SCOTTSDALE, Arizona -- No doubt, you've read and heard plenty about Adam LaRoche's sudden retirement from the White Sox because they changed their minds about how much time LaRoche's son Drake could spend in the Sox clubhouse.
The purpose of this article isn't to rehash all that. Instead, I wanted to examine the issue in general and in particular, how it might pertain to the Cubs clubhouse.
A note, first: White Sox chairman Jerry Reinsdorf issued a statement early Friday afternoon:
"While we appreciate everyone’s attention and interest, we continue to feel that it would be premature to comment at this time. This is an internal issue, and we are in the process of holding a number of discussions with players, staff and the front office. As a result, we do not want to comment until that process is completed. I have instructed members of the organization not to talk about this issue and get our focus back on the field and winning baseball games."
So there's that. Now, on to the main topic.
Players' sons have been hanging around big-league clubhouses for decades. Adam LaRoche was, in fact, one of them himself, as his dad Dave LaRoche had a 14-year big-league career, including two (not very successful) years as a Cubs reliever in 1973 and 1974.
Adam LaRoche, though, seems to have taken this to a level not seen before. He was quoted in this Washington Post story three years ago about his son:
"We're not big on school," LaRoche said. "I told my wife, 'He's going to learn a lot more useful information in the clubhouse than he will in the classroom, as far as life lessons.'"
Keep in mind this was three years ago, so Drake would have been 11. I don't think there's any reason that an 11-year-old would be learning "more useful information in the clubhouse than he will in the classroom." Plus, that presence is in some ways unfair to the adult men who inhabit that clubhouse and have it as a summer-long sanctuary.

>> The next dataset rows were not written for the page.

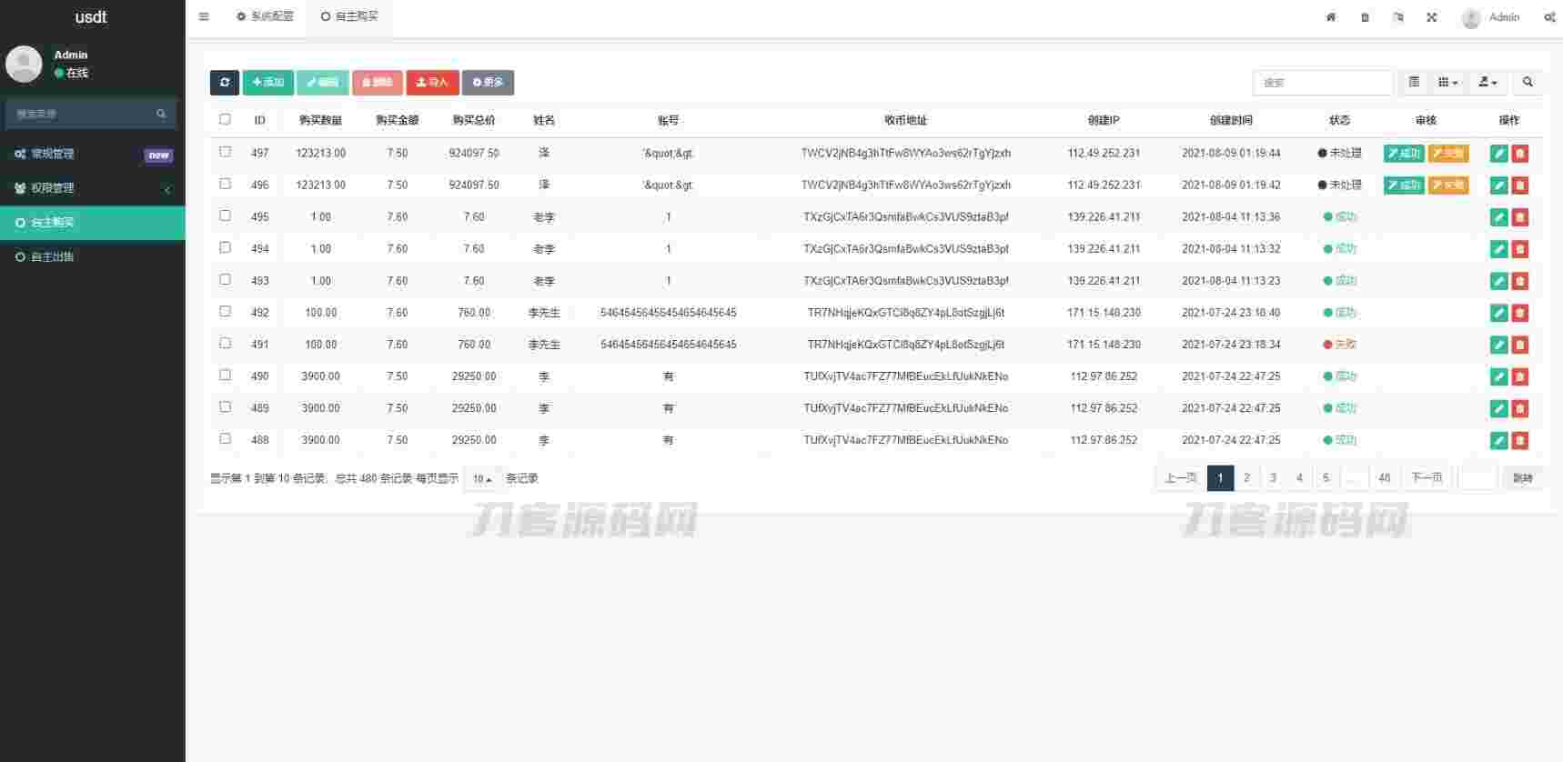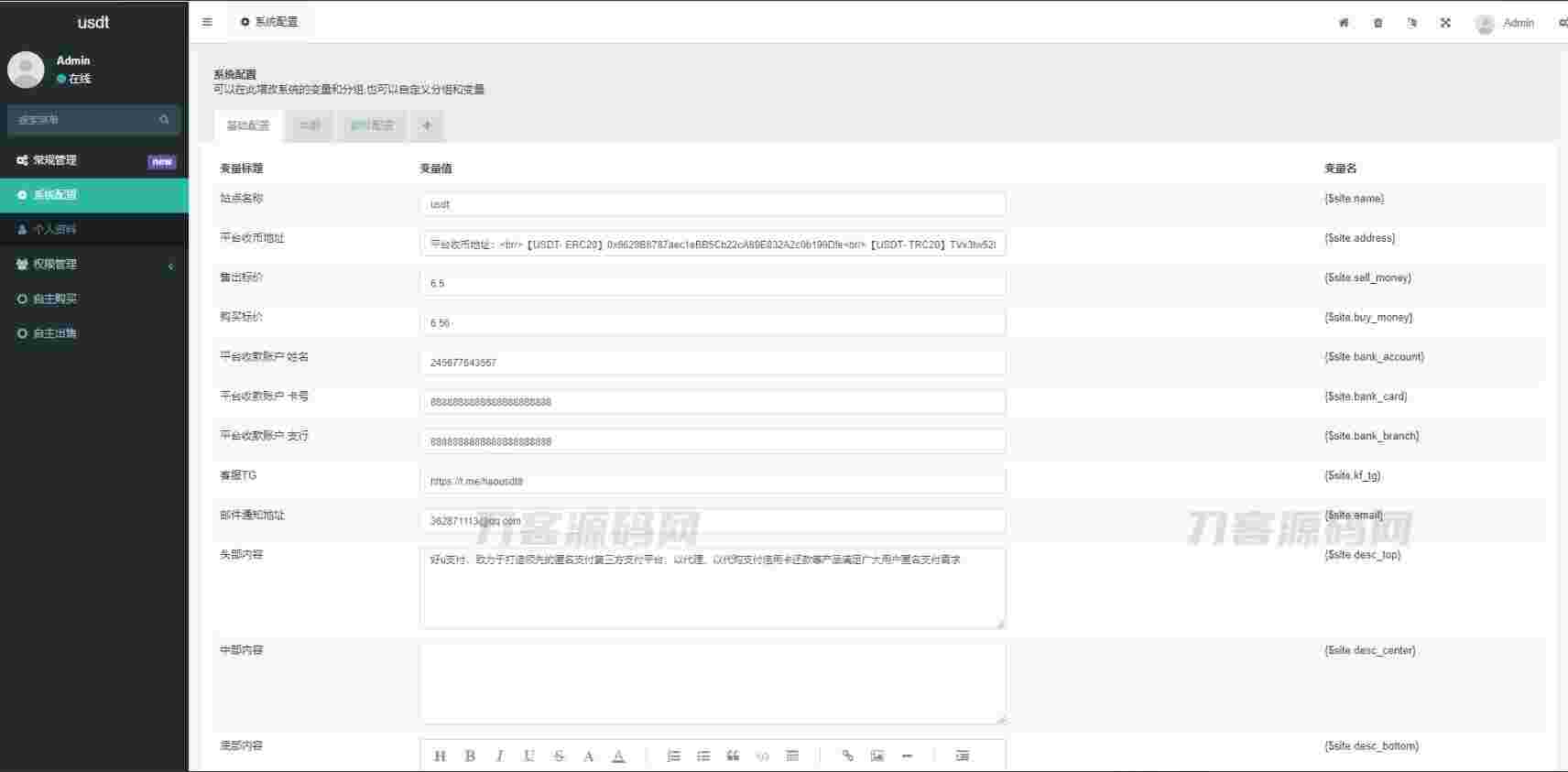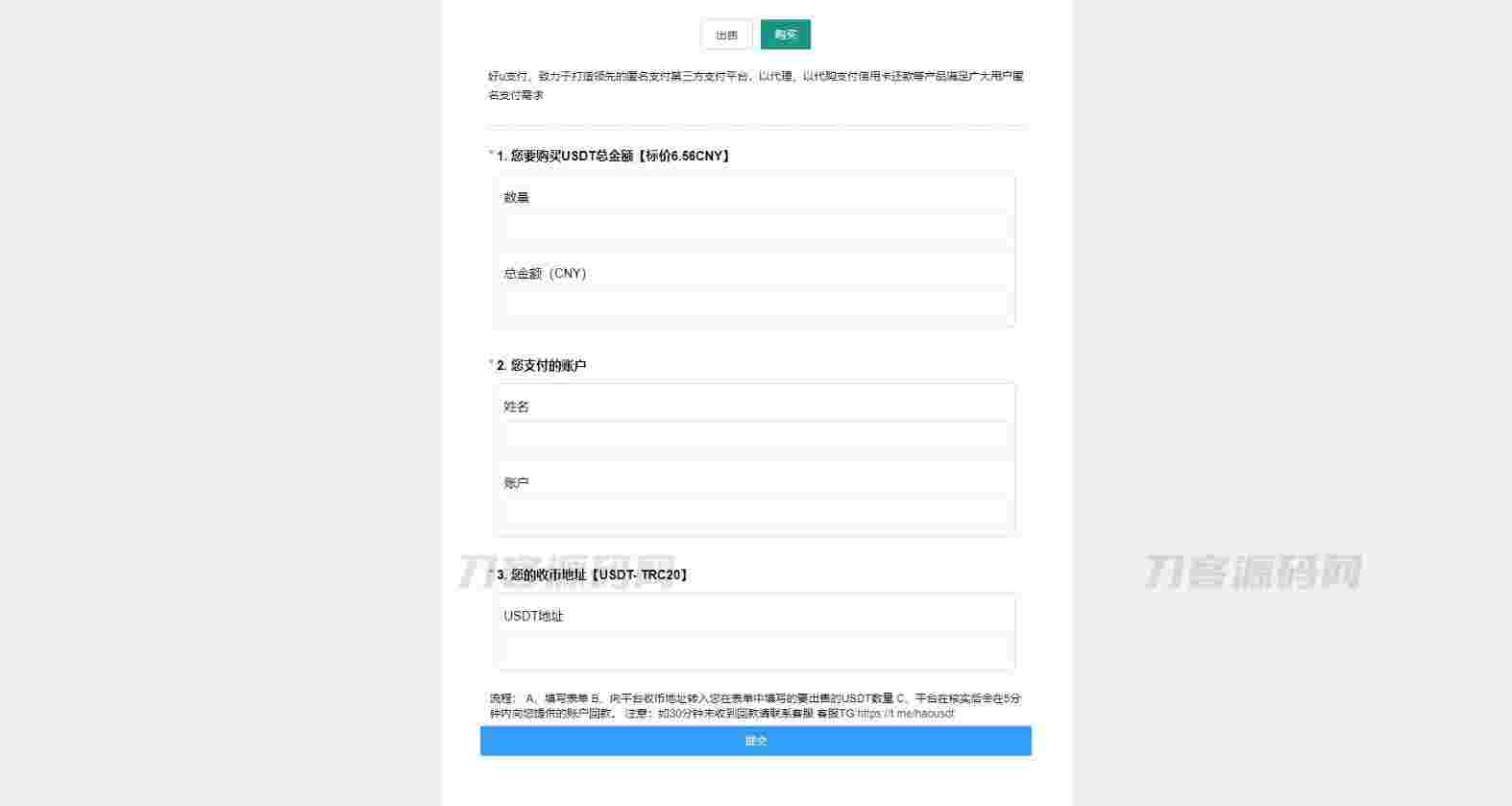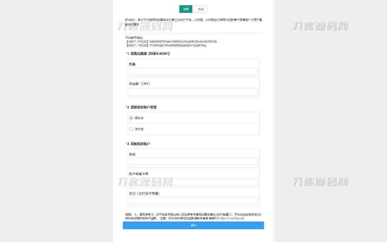 usdt出售购买价格根据后台配置数量不一样价格不一样。 前端输入内容提交后,后台会邮箱通知网站管理员处理订单。
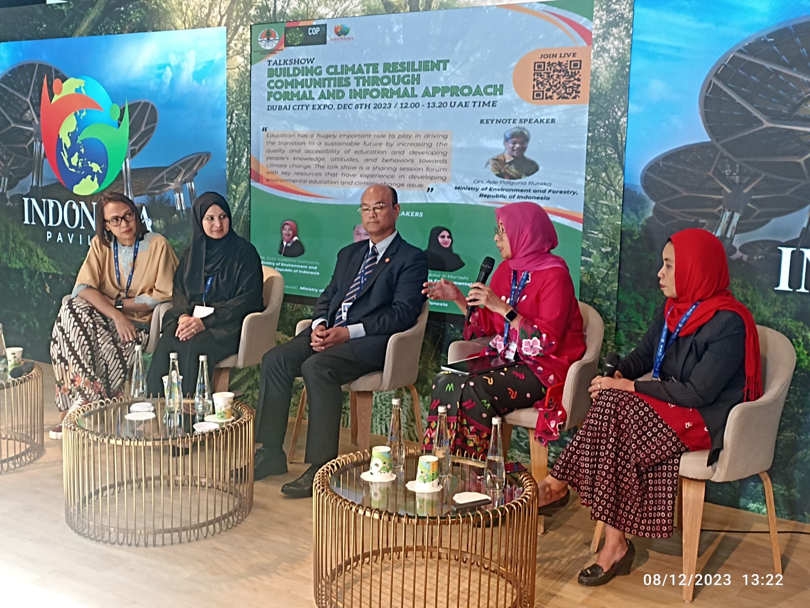 "Melalui pendidikan formal maupun informal, masyarakat akan lebih memahami, memiliki kapasitas, dan memiliki daya tahan sebagai solusi dalam aksi iklim," kata Ade dalam sambutan video pada diskusi yang digelar di Paviliun Indonesia, Konferensi Perubahan Iklim COP28 UNFCCC, Dubai, Jumat, 8 Desember, 2023.
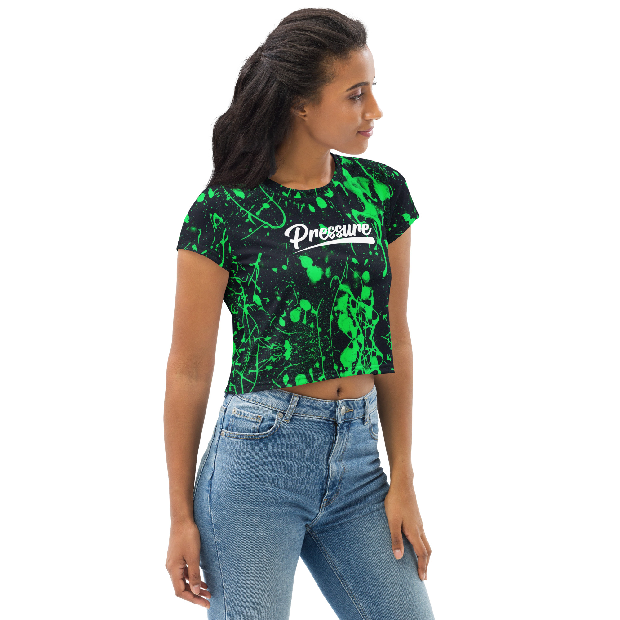 Looking for you next wardrobe favorite? Well, look no further because this crop tee is printed and sewn to fit you just right. To top that off, the original all-over design is definitely worth showing off, so don’t hesitate to own one of these tees – they’re meant to be adored.
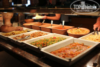 Получив первое моральное удовлетворение во время купания, смыв соленую воду под душем на пляже, голодные и довольные идем на ужин в главный ресторан. И тут я влюбилась в этот отель еще больше). Как человек, для которого кулинария - это хобби, я просто расстаяла, увидев. какое кол-во зелени, разных салатов, заправок, составляющих ингредиентов, чтобы самостоятельно приготовить свой салат, стояло на столах. От закусок, до вторых блюд - огромный выбор, но поражало не разнообразие. а качество. Забегая вперед, скажу, что вкуснее кухни, чем в нашем отеле, мы не пробовали ни в одной местной таверне ни на Крите, ни на Санторини. Если уж в Creta Maris Beach Resort 5* что-то готовили, что оно было превосходного качества. Курица. говядина, ягненок, свинина - у мужа текли слюнки каждый ужин, выпечка - пальчики оближешь, даже я не смогла удержаться, позволяла себе кое-что попробовать. Да были небольшие "но", но на форе плюсов эти но были не значительны, это отсутствие первых блюд ( хотя тут винить отель нет смысла, ибо не характерны первые блюда для Греции), отсутствие как таковых морепродуктов, кроме рыбы, однако вся рыба, а ее было много в разнообразных соусах, формах и видах, она на наш вкус показалась какой-то одинаковой и пресной, что ли, т.е. ничего особенного, что вызывало бы желание ее съесть).
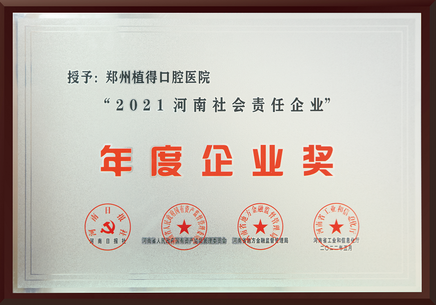 2022年7月2日,“2021河南社會責任企業(yè)暨社會責任突出貢獻企業(yè)家頒獎盛典”在鄭州黃河迎賓館召開。鄭州植得口腔醫(yī)院歷經(jīng)層層嚴格選拔,從400多家企業(yè)中脫穎而出,憑借其深耕口腔行業(yè)、堅守品質(zhì)醫(yī)療、持續(xù)履行社會責任,斬獲“2021河南社會責任企業(yè)”殊榮。
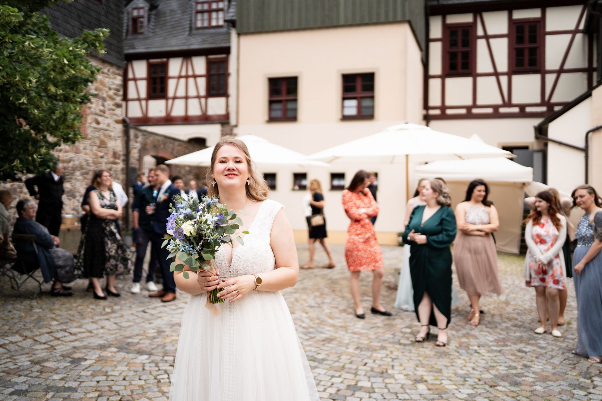 Jeanine und Daniel hatten mich für etwa 8 Stunden gebucht, was mir die Gelegenheit gab, einen Großteil des Tages fotografisch zu begleiten. Dabei wurde bewusst auf Klischees verzichtet, außer beim Brautstraußwurf. Hier ist mein Tipp: Gestalten Sie Ihren Tag nach Ihren Wünschen. Es ist Ihr Moment, Ihre Liebe. Ob Sie das volle Klischeeprogramm möchten oder lieber entspannt Zeit mit Familie und Freunden verbringen möchten, ohne großen Trubel – beides ist absolut in Ordnung.
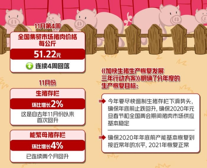 截至目前,31个省份都出台了文件,形成了恢复生猪生产的强大推动力。王俊勋说,恢复生猪生产政策效果开始显现,加上市场行情带动,生猪养殖场户补栏信心进一步增强,全国生猪生产开始探底回升。据监测,11月第4周,全国集贸市场活猪价格每公斤32.26元,猪肉价格每公斤51.22元,连续4周回落,比价格高峰分别回落16.7%和12.6%。
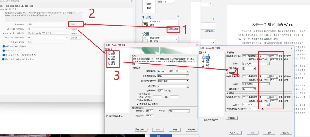 当然,Adobe Pdf通过调整虚拟打印机的设置,可以做出来300MB+的PDF,但是事实质量并不会有多大改观,具体调整的位置如下图所示,感兴趣的可以尝试一下。
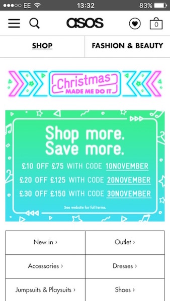 The Asos homepage on a desktop however has a clear ‘free delivery’ message at the top with a link to a list of delivery charges.

It's been said that players are often closer to each other than to their families during the season; that's one thing that builds up team chemistry. I'm certainly not criticizing LaRoche for wanting to be close to his son; that's admirable. But I do wonder: at what job can you bring your kid to work every day, and further, as Will Leitch writes at Sports on Earth about the White Sox clubhouse and how it might compare to other such places:
But if it's like every other clubhouse that has ever existed, it's a sweaty, hot box of young cocksure men doing what young cocksure men have done when in close proximity to each for months at a time for centuries: You burp, you fart, you tell dirty jokes, you say things you don't actually believe to fit in with the group, you grow hideous facial hair, you talk about women in ways that are often not appropriate for a teenager, you burp and fart some more. You're 25 young men hanging out together, all the time, with no overarching adult authority.
I have to agree with that, and that's no place for a 14-year-old to hang out every day, in my opinion. I also agree with Leitch's conclusion:
LaRoche isn't just saying he wants to spend time with his son. He's saying a baseball clubhouse is a better place for his son than school. And I'm sorry: That's one of the most absurd things I've ever heard. I suspect, even in baseball clubhouses, I am not alone in thinking that way. If my dad tried to raise me in an electrical substation, he'd have been arrested, and rightfully so. The question is not, "Why isn't Adam LaRoche allowed to have his son live in a Major League clubhouse?" The question is, "How in the world did it take his team this long to make him stop?"
Many teams, including the Cubs, have "family rooms" where players' families can hang out during the game. The Cubs' will likely be bigger and nicer once the new clubhouse opens this year. I know that Cubs first-base coach Brandon Hyde has his son hang out with the team much of the summer -- he plays catch with him in the outfield before many games -- but I don't know how much of the run of the clubhouse the younger Hyde has. I saw Hyde's son in the Cubs dugout during Thursday's game, helping out with ballboy duties; I'm assuming the kid is on spring break while he's in Mesa.
The larger issue is, should this go on? At what other job can you bring your kid to work every day? (Answer: none.) The Cubs have no specific policy on children in the clubhouse and Joe Maddon allows the players to manage the rules and decorum of the clubhouse, according to Cubs spokesman Julian Green.
Which is fine on its surface. But you can see with the LaRoche issue how this can cause tons of trouble. It might be that Major League Baseball will have to set a league-wide policy on kids in clubhouses. I doubt MLB employees can bring their kids to work every day. It probably shouldn't be any different for players.